Office of Partnerships and Innovation

Celebrating a History of Resilience

February 2, 2018 - As originally published by the Queen's Alumni News. Feature photo credit: Queen's University Communications.

When Edward Thomas, Sc’06, MASc’12, learned that the Queen’s School of Medicine had banned all 15 of its black students 100 years ago, his instinct was to learn more about those students.

A veteran journalist who now serves as Assistant Director of Industry Partnerships at Queen’s, Thomas first discovered the story while conducting research for the Principal’s Implementation Committee on Racism, Diversity, and Inclusion (PICRDI).   “I became curious and I decided to roll up my sleeves and investigate a little further,” he says. 

What he learned – through hours of sifting through public documents and the Queen’s Archives -- is that the students didn’t let the expulsion stop them from living productive, and in many cases, extraordinary lives. “They endured something very painful and difficult and many of them went on to become prominent physicians and social and political leaders,” he says. “They demonstrated incredible resilience.”

Resilience just happens to be the theme of this year’s Black History Month activities at Queen’s. “A common theme for a lot of black people is learning from our experiences and growing and developing in the face of oppression,” says Asha Gordon, Artsci’18, President of the Queen’s Black Academic Society (QBAS). “Resilience is an important part of who we are.”

“We chose it as our theme because black people haven’t always had the easiest time, but we seem to come out of our struggles stronger,” says Elorm Vowotor, Artsci’18, President of the African Caribbean Students Association (ACSA).
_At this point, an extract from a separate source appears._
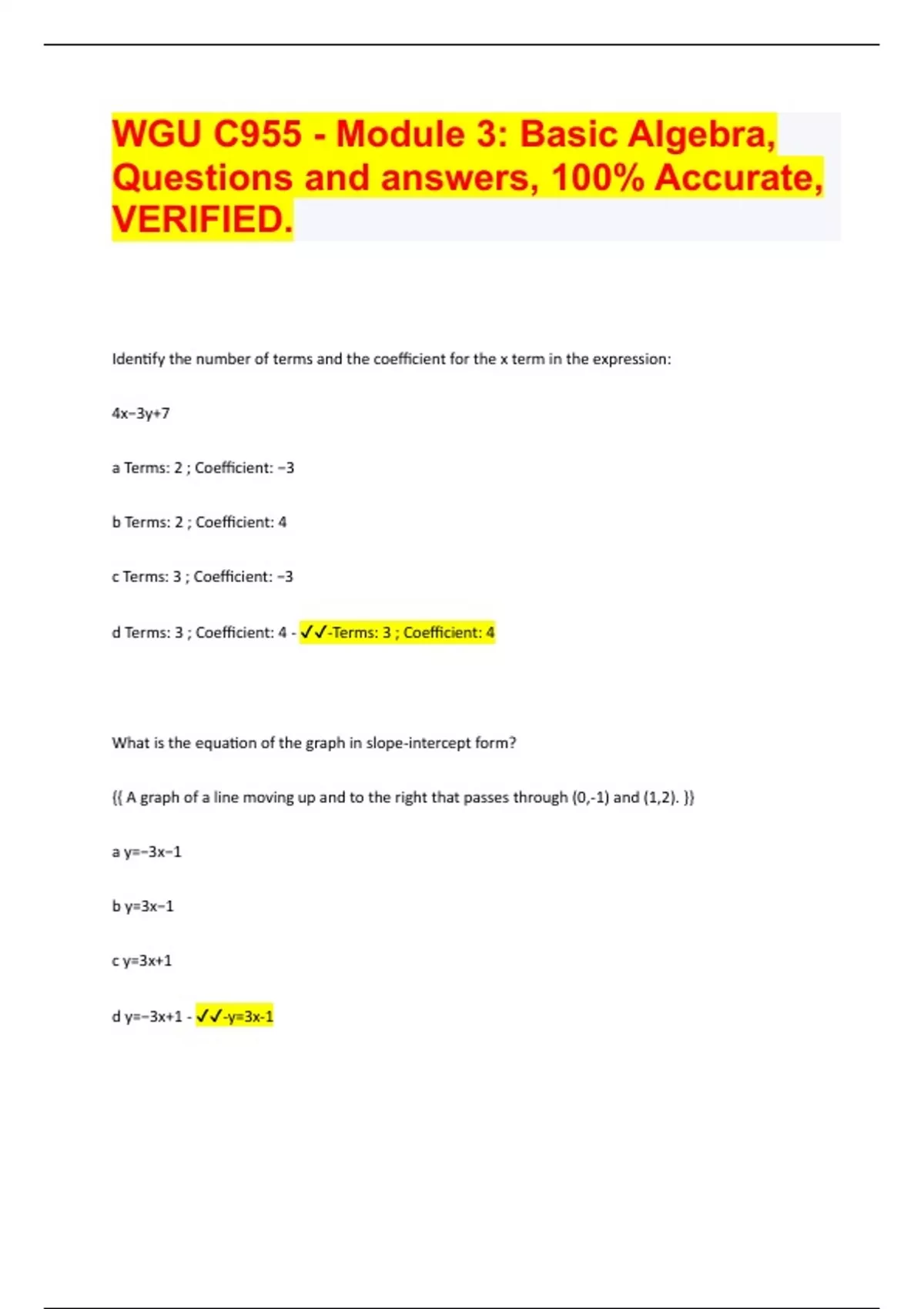 WGU C955 - Module 3: Basic Algebra, Questions and answers, 100% Accurate, VERIFIED | 24 Pages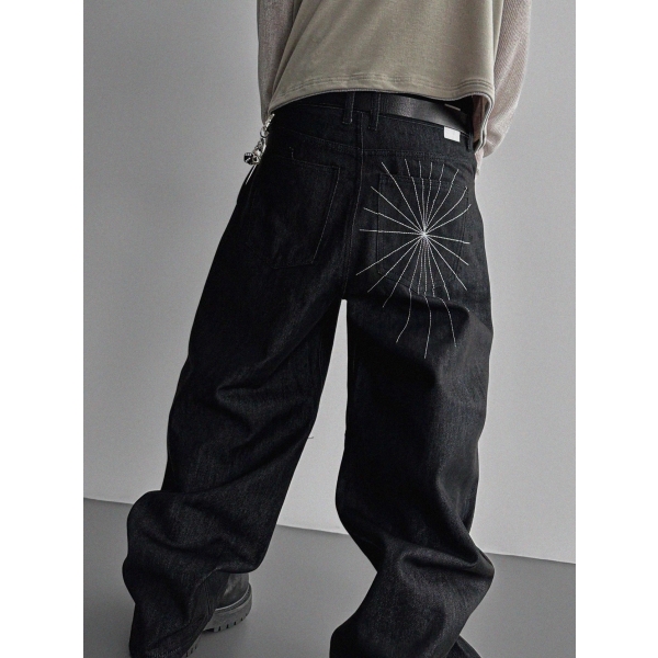 韓國 蜘蛛 刺繡 重磅 丹寧 寬版 牛仔褲 (2color)

As part of its Black History Month celebrations, ACSA has invited Thomas to explore the resilience theme by sharing the fruits of his research and telling the students’ stories on the 100th anniversary of their expulsion. “It is historically important that we’re doing this under the auspices of ACSA,” Thomas says, explaining that ACSA’s predecessor, the West Indies Club, was one of the few organizations on campus to take up the students’ cause.

Thomas says he looks forward to sharing what he’s learned. “These people are superb role models. They lived extraordinary lives,” he says. “I think people will be surprised when they hear some of their stories.” 

His presentation is slated for Thursday, February 15th at 6:30 p.m. at Robert Sutherland Hall (check the Queen's Black Academic Society Facebook Page for details). 

Black History Month 2018 activities at Queen’s were supported by the Deputy Provost (Academic Operations and Inclusion) and the Alma Mater Society. Funding was provided to QBAS and ACSA to help foster diversity and inclusion within the Queen’s community, in keeping with the 2017 Principal’s Implementation Committee on Racism, Diversity, and Inclusivity (PICRDI) final report.